SRS (Sequence Retrieval System) is an information indexing and retrieval
system designed for libraries with a flat file format. SRS supports the data
structure of these libraries by providing special indices for, eg,
implementing lists of subentities (e.g. feature tables). Indexing of
cross-references allows a complete network of libraries to be built. In the
network an entry from one library can be linked to every other library either
directly or with a succession of single links between neighboring,
cross-referenced, libraries.
A language ODD (Object, Design and Definition) has been designed and developed
to structure and define the data to cope with different library formats
subject to continuous change. Two levels of ODD programming allow for
defining data structures and the data themselves. An ODD compiler makes the
data available for the C programs that retrieve or build indices. A flexible
parser, programmed by an extended version of Backus-Naur format, has been
developed for the extraction of keywords from data-fields.
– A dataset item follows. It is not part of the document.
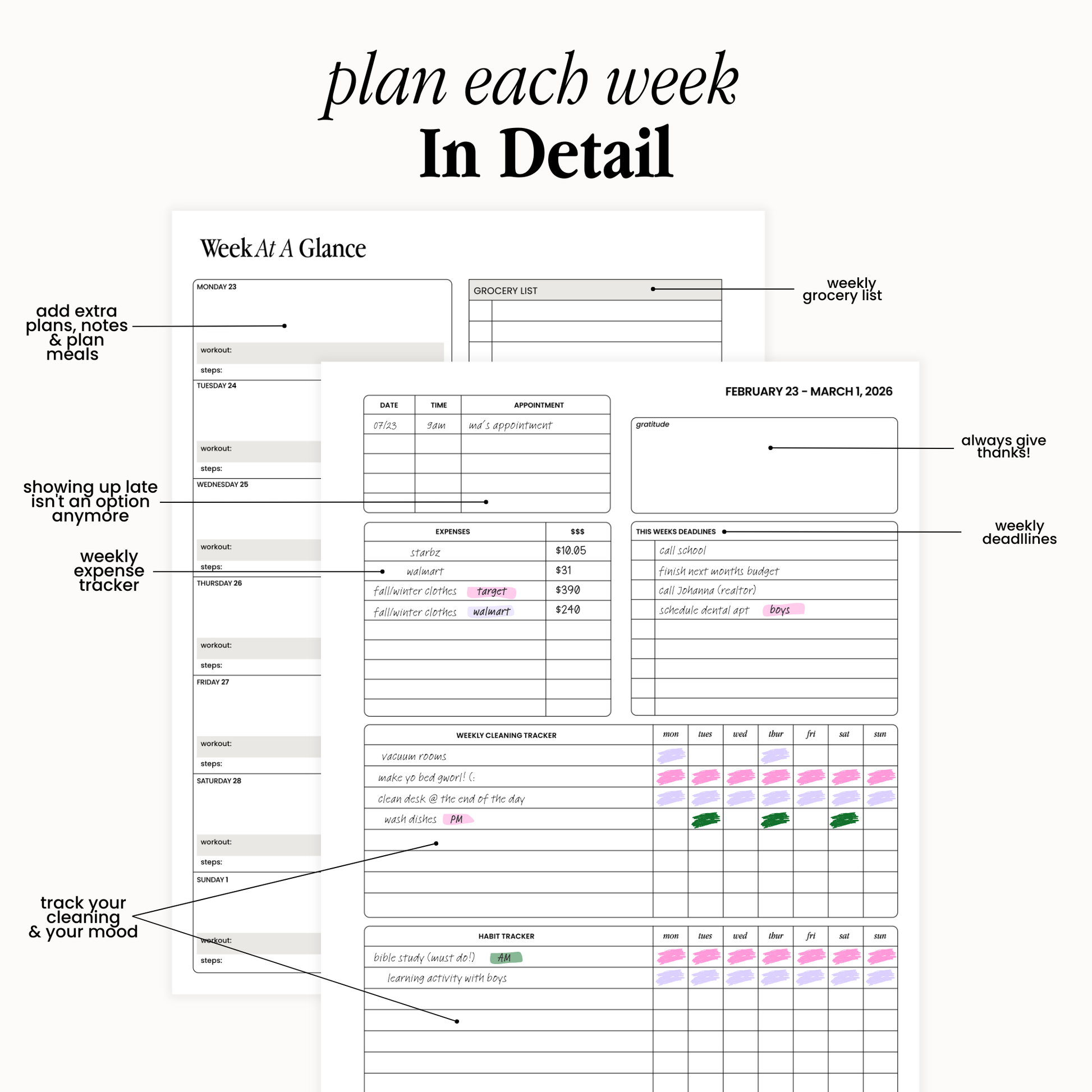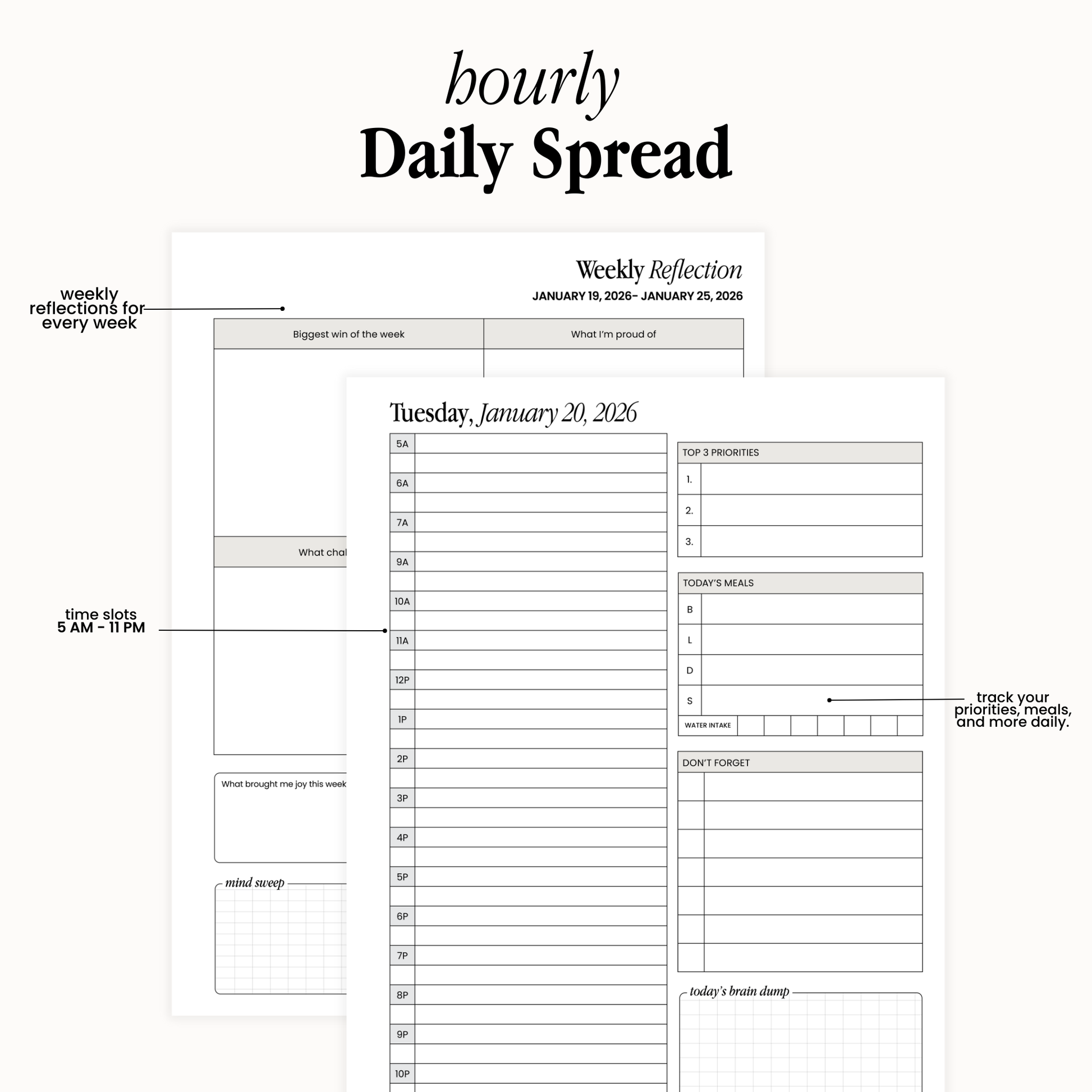 • Spacious blocks for planning, notes, and intentions
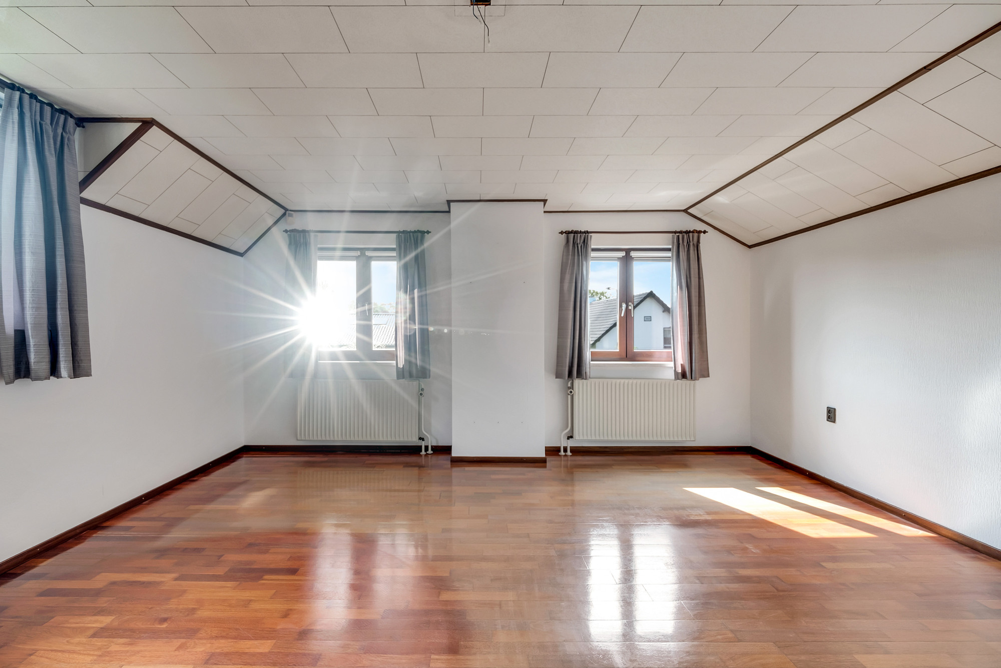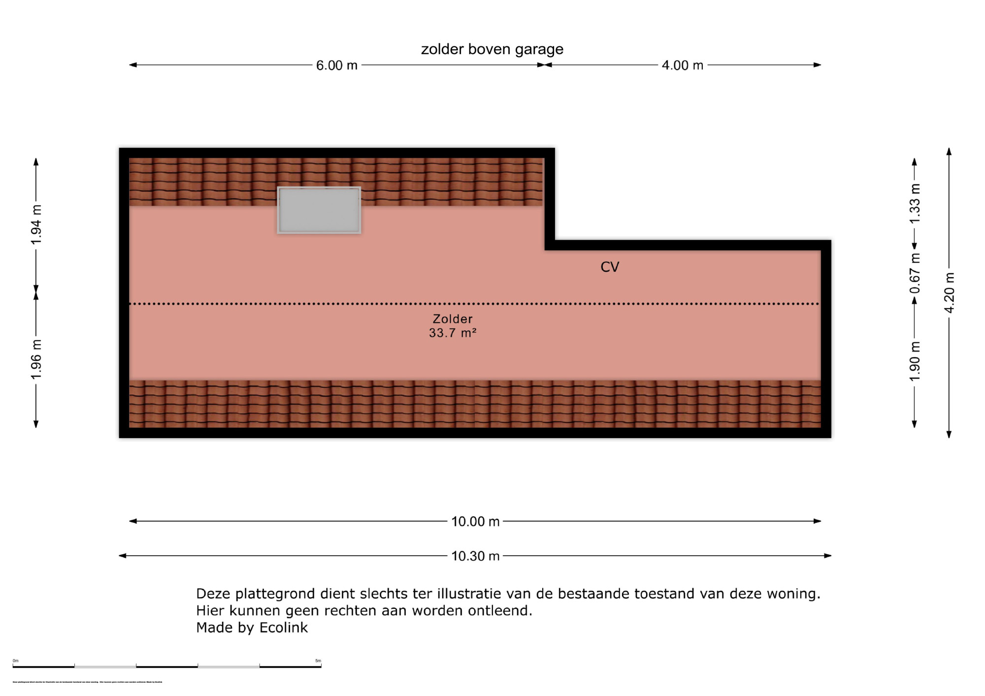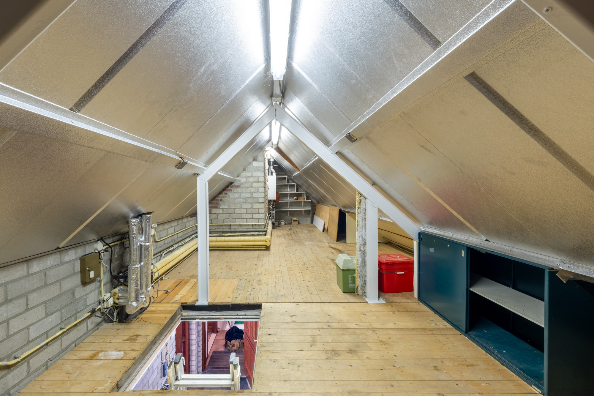 De zolder boven de garage biedt diverse mogelijkheden en heeft een oppervlakte van 33,7 m². Dit ruime vertrek kan eenvoudig worden omgetoverd tot een extra slaapkamer, kantoor of een speelkamer voor de kinderen. De zolder biedt tevens voldoende bergruimte en herbergt de cv-installatie (Intergas HRE, 2010, eigendom), die gemakkelijk toegankelijk is.

Both the ODD
language and the programmable parser are required by SRS since all integrated
libraries are left in their native state and original formats.
DISTRIBUTION
------------------------------------------------------------------
VAX/VMS & OpenVMS
1. anonymous ftp (binary mode) to ftp.embl-heidelberg.de
directory: /pub/software/vax/srs files: srs3_1.bck
Important!!! since the VMS backup will be corrupted after the transfer get
the file "relnotes3_1.doc" with instructions for reformatting the backup
file.
2. anonymous (binary mode) ftp to biomed.uio.no
directory: disk_1:[aftp] files: srs3_1.bck
Additional files:
fixrec.c C source to produce fixrec.exe which fixes
the record length of the save set if you have
any problems.
fixrec.com DCL script that does the same as the above.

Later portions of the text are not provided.